So if you're like me, you know that LeBron had Arctic Char (cooked up by Spotted Pig chef April Bloomfield) for dinner last weekend with Jay-Z and Beyonce. Aside from the fact that it's completely absurd that you should even know that, it's evidence that the LeCircus has spun out of control.
We just got through watching an NBA Finals where team chemistry and toughness was more important than any other factor playing into a Championship, and teams are contending for a one or two-man solution to put their team in contention.
If it was a championship that a team was after, wouldn't they be better off looking for "one of a kind" fits like a long shooter who over-matches everyone (Dirk Nowitzki), an ambidextrous blue-collar post presence (David Lee), or a long big for offensive stability (Chris Bosh)?
We're not talking about just championships anymore, it's plain and simple. We're not even talking about basketball at some points—we're talking about money.
Fred Mitchell of Chicago Breaking Sports recently reported that LeBron going to Chicago could bring $2.7 billion to the city in advertising and broadcasting rights. To put that number in perspective, Prop 19 in California proposes legalizing marijuana. The potential tax revenue from legalized marijuana is ball-parked around $1.3 billion. You're telling me LeBron signing with Chicago is financially more lucrative than reaping taxes from every marijuana sale in California for two years?
We're talking "people getting murdered and stuck in ditches"-type money. I'm scared for the cities of New Jersey, New York, Chicago, and any other team courting LeBron. Championships can do something for a city, but the financial impact of LeBron is beyond the scope of just basketball.

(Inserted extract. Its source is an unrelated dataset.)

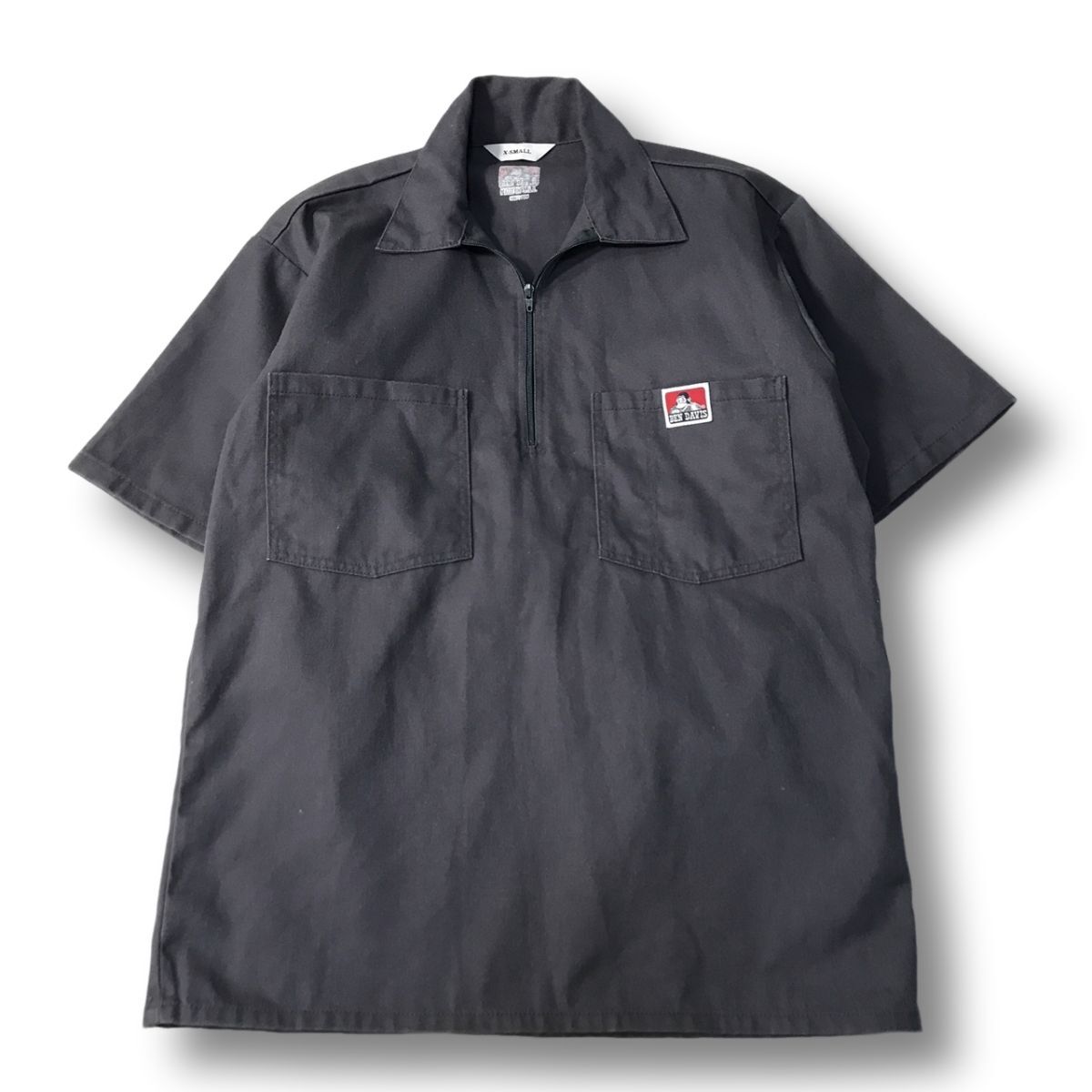 - 《良品◎》BEN DAVIS ベンデイビス★アメリカ製*ハーフジップ*ワンポイント*半袖シャツ*グレー*サイズXS(MS4831)◆S60

With the right fit, sure, LeBron could seize a monopoly over Larry O'Brien trophies for the next seven or eight years—but we saw clearly that LeBron does not have the competitiveness or the leadership qualities to force his teammates to grind it out.

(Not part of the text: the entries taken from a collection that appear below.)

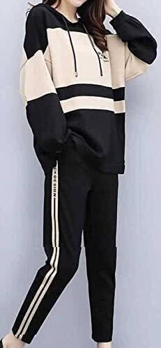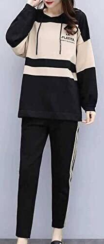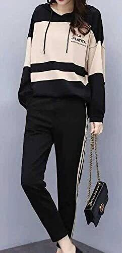 体型カバーにもなるユッタリしたプルオーバー上下セットアップ浅めのフードのついたパーカーチュニックとサイドがシルエットを強調するパンツは普段使いにおススメ
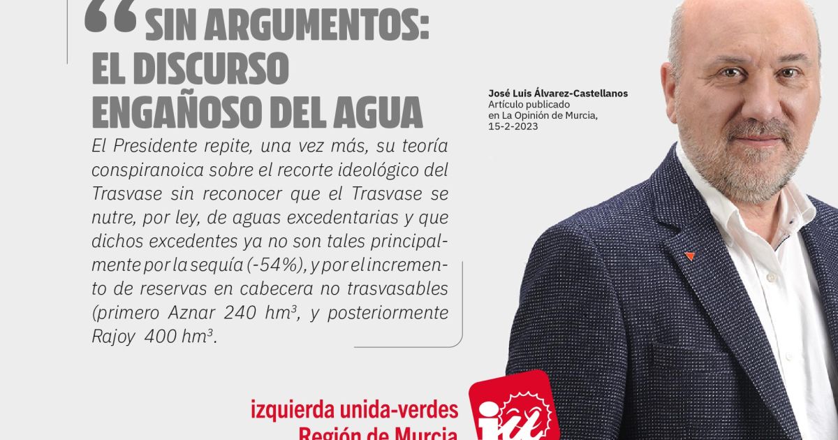 Falto de mejor argumento López Miras azuza, como Vox, el discurso del agua en su comparecencia hoy, a petición propia, en la Asamblea Regional donde repetirá, una vez más, su teoría conspiranoica so…
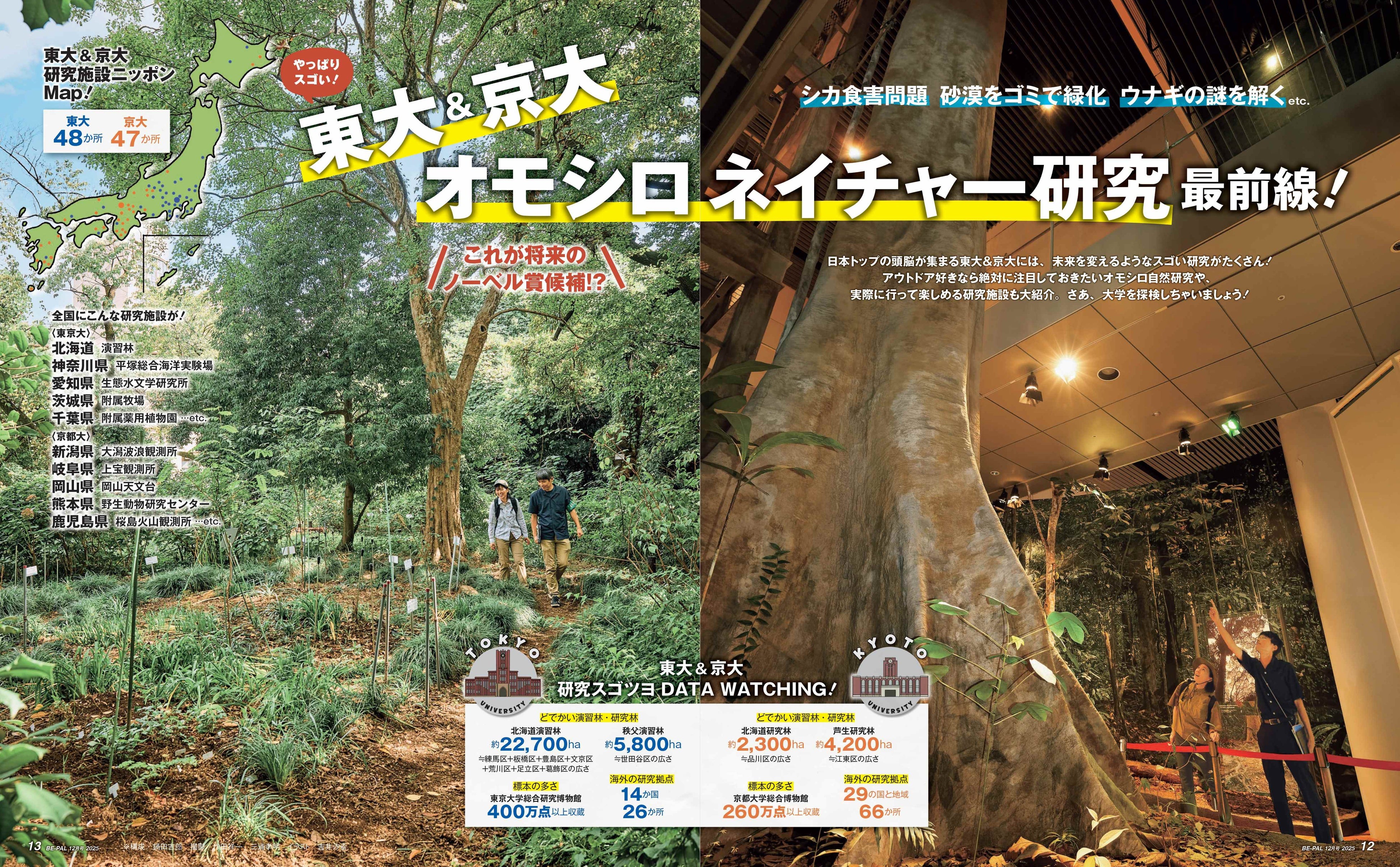 さらに、今号の大特集は「東大&京大 オモシロ "ネイチャー研究" 最前線!」。ノーベル賞受賞者を今年も輩出した京都大学、そして広大な演習林を持つ最強学府の東京大学。サンショウウオ研究の第一人者から、シカ食害問題やゴミで砂漠を緑化する研究者、ウナギの謎に挑む取り組みなどなど。自然派の心をくすぐる研究の最前線を徹底取材! 誰でも行ける東大&京大もありますよ!

I'm sure you all saw the same game I saw in the Eastern Conference Semi's, when Cleveland's starting squad got out-hustled by a more experienced, battle-tested Celtics squad. It's clear, just from those last seconds, that the Cavs were in "I can't wait for summer" mode. LeBron may be physically tough, but his mental toughness, and his natural competitiveness leaves something to be desired. He wants to "wow" people with athletic plays and Sportscenter Top 10's on his way to his self-affixed "global icon" ambitions.
Which is not a knock on him by any stretch—even with LeBron playing within his means, he is more physically gifted than anyone we've ever seen in the league. Which is why it's so frustrating to see that his maturity has been compromised with softball interviews and outrageous endorsement contracts. Without any semblance of emotional or mental hardship, LeBron may never reach his full potential as an NBA player.
You all saw the Larry King interview. King went out on a limb and asked some serious questions about his free agency plans, and his opinion on teams that planned to court him. LeBron looked almost uncomfortable talking about his hometown at times and you realize LeBron is the only celebrity of his stature who can make Larry King look like Kenneth Starr in 1998.
ESPN's Bill Simmons wrote three years ago that LeBron James was another victim of the "too much, too soon" era, a la Tiger Woods, and that games like Game 6 of the Celtics-Cavs this year "dry the cement" on a legacy. Well LeBron's legacy is cemented—he's an exceptional basketball player, destined to have meltdowns in the mental-toughness department if the responsibility of an entire city rests on his shoulders.
Cleveland, Chicago, New Jersey, New York, Los Angeles, the situation will remain the same: unless LeBron can become mentally tough, mature into a man in his mind, stop crying, stop power-walking off the court, and stop seizing videotapes of him getting embarrassed, then the rings are off the table and we're talking about the next Karl Malone.
LeBron, if you're reading this, please don't let that happen. And as for your dinner, I heard Miss Bloomfield makes a mean Striped Bass.